BY: DEXTER BROWN
The paleo diet is all the rage these days, but the pricey meat, eggs and vegetables it requires can easily put a strain on tight budgets. After being on it for a year, writer Anne Kadet was starting to feel the financial pinch.
“I love it and feel great. But all that fresh meat and produce costs a fortune,” she said of the diet in a post for OZY. “Plus, there’s a lot of cooking, and I have better things to do with my time.”
When she read the label of her dog’s kibble, however, Kadet realized that it technically fell in line with the expensive high protein, gluten-free and grain-free paleo diet. She also learned that the kibble had holistic ingredients and was fortified with omega-3, omega-6 and antioxidants. Oh, and a whole kibble meal cost less than a dollar. With that in mind, Kadet did what anyone on a constricted budget would do: she announced to her friend that she planned to eat dog food for a week.

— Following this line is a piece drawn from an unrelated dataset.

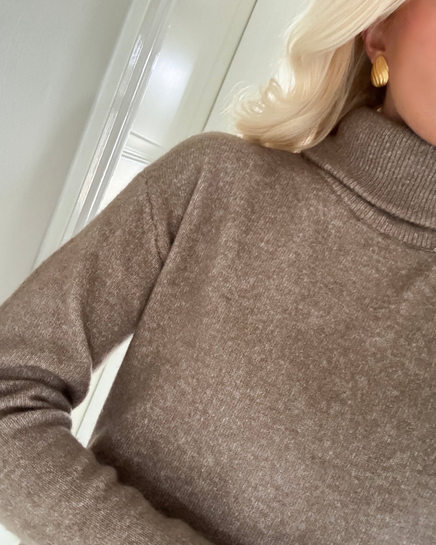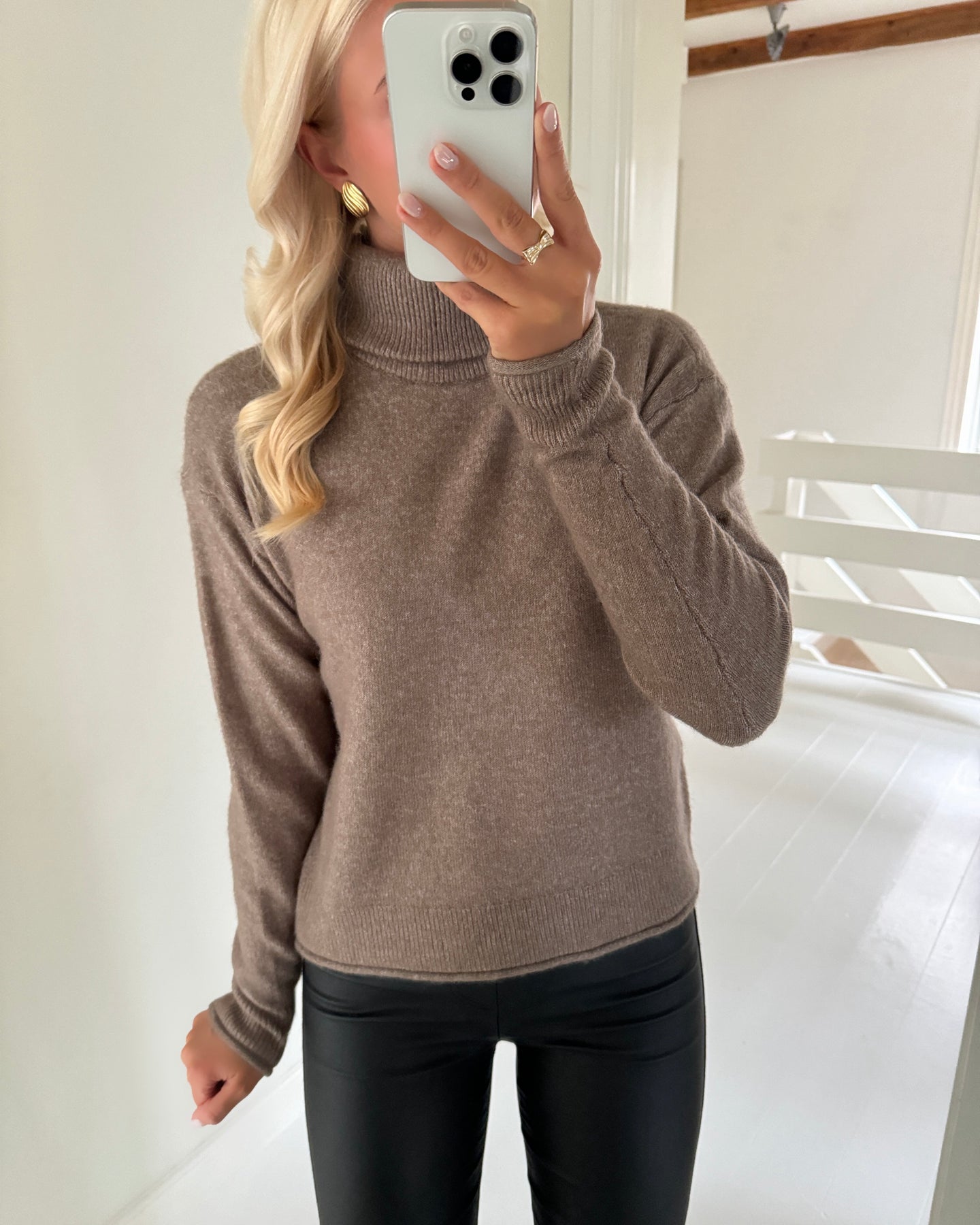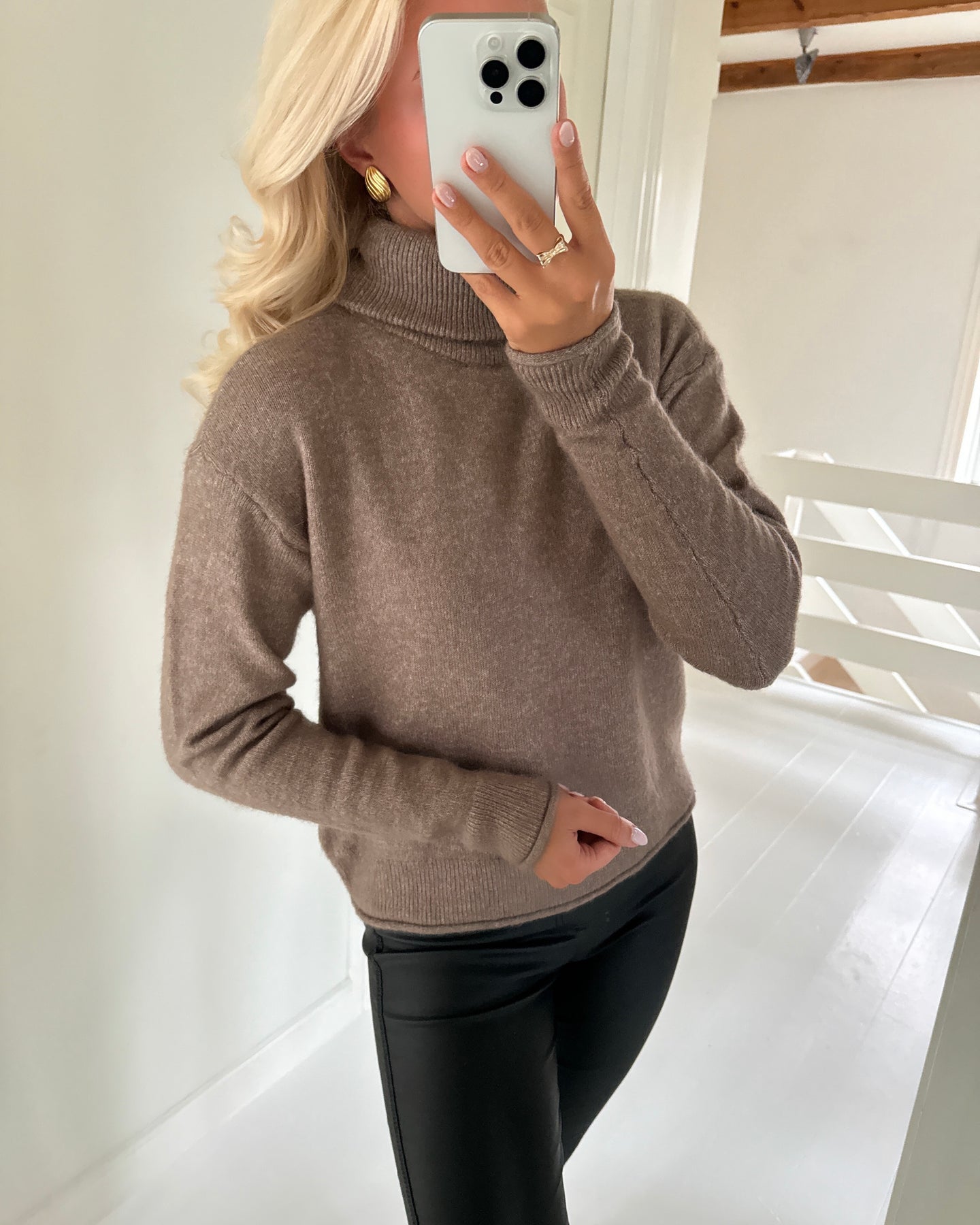 Super flot lysebrun striktrøje med rullekrave i blødt kvalitet.

SEE ALSO: Could This Raw Food Diet Really Fight Cancer?
After she stuck with kibble and other dog food for six days, Kadet lost two pounds, noticed an uptick in energy and improved her blood sugar levels.
As you might expect, she didn’t find all the dog food palatable. On the first day she noted that the kibble had a dry, gritty, nutty and slightly sour taste. “Halfway through the bowl, my jaw gets tired,” she said in her post. “Dog food requires a lot of heavy-duty crunching.”

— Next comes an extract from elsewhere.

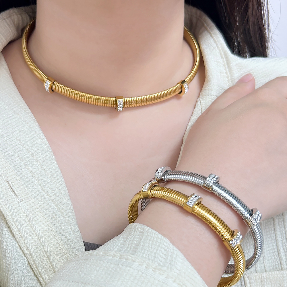 Titanium steel trend personality suit elastic thread rhinestone bracelet collar fashion European and American opening collar bracelet wholesale
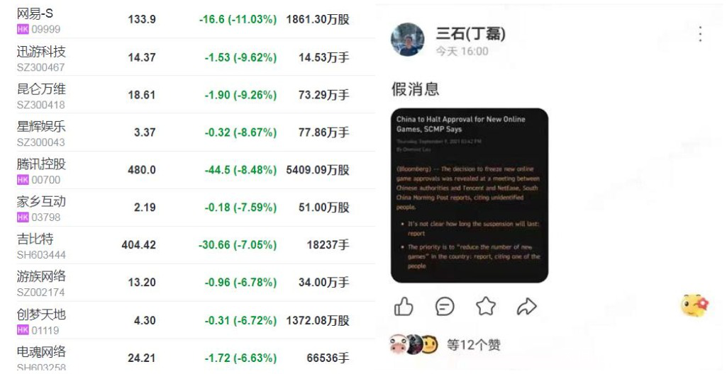 此消息一出,使得遊戲股持續走跌。9月9日港股收盤時,網易跌幅超過11%,為跌幅最大成分股。此次暴跌,除了官方部門的約談,也與《華南早報》在9日下午放出消息,有知情人爆料國內將暫停網絡遊戲的審批工作不無關係。雖然網易CEO丁磊對其消息的闢謠圖早早被傳出,但是也並沒有能挽救得了網易的股價。

By day four, after she wolfed down Milk-Bones in public and snacked on a Boo Boo Berry dog cookie with the owner of a local pet supply store, Kadet discovered a line of dog food at PetSmart that was so much like human food that she felt compelled to call the store’s PR office to find out why. They declined to comment.
Kadet, however, soon found the diet’s downside. While she was able to find dog food that she didn’t mind eating, Kadet later found out that it was in fact more expensive than going paleo. After she spoke to a dog food professional, Kadet learned that dogs and humans have different needs. “Dogs make their own vitamin C. Humans do not,” she said in her post. “Dogs and people require different amino acids. Humans have a more efficient metabolism.”
So she decided to end her experiment, but if she were broke Kadet said she’d be more than willing to go back to kibble. “I’d choose to live on kibble over Kraft dinner or ramen noodles,” she wrote. “Surely, an all-in-one, high-end dog food is more nutritious than a diet of white flour and fat.”